In the run up to the International Festival of Business in Liverpool I’m going to be taking an in depth look at the business prospects of our three great cities, Liverpool, Preston and Manchester.

My interest in doing this was stimulated by a report this week claiming that Liverpool’s economy was growing faster than Manchester’s. I read it as I was about to meet with the leading movers and shakers of the Manchester economy. We can reach some conclusions at the end of the series of blogs, but just to say for now, Manchester is buzzing and perhaps the truth is that both of the large cities have a bright future despite Brexit. In Preston’s case we’ll be looking at the “keep it local” model which is attracting national attention.

But first to Manchester where Eddie Smith, the city’s Strategic Director, exudes vision and optimism. He has been in post a long time and remembers the challenges around the turn of the century to deal were to deal with jobs and office e accommodation. Since 2010 the drive has been to make Manchester a place where people want to live because the city is getting younger and there is an imperative to keep the graduates spilling out of the city’s excellent universities.

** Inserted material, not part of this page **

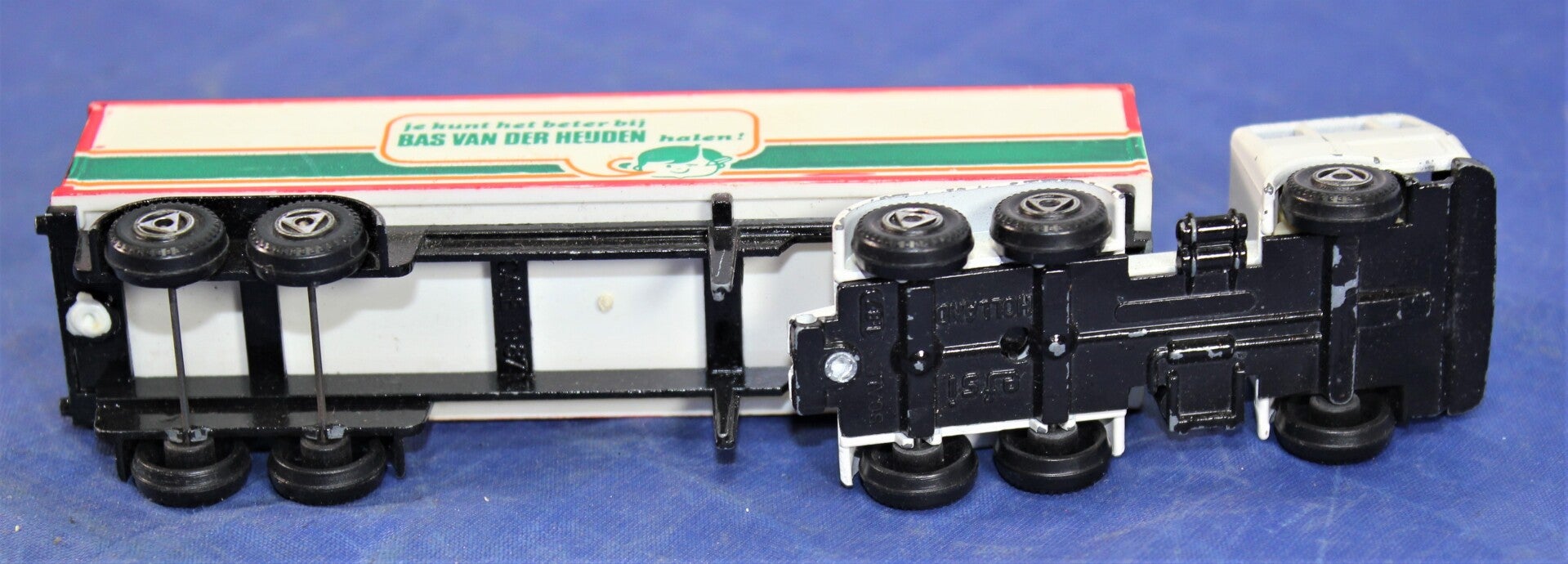 Wittetruck en oplegger op zwarte frames en witte opbouw.

Future planning for the city, and conurbation more widely, will become clearer this summer with the opening of the review of Manchester’s local plan for the next fifteen years. Transport for Greater Manchester will publish their plans towards 2040. Finally, the Mayor of Greater Manchester will publish his revised spatial plan. The latter sounds dry and dull but is highly controversial as it involves housing and the green belt. When he came into office, Andy Burnham didn’t like the plan he inherited, and we will see what reaction he gets to the revised options.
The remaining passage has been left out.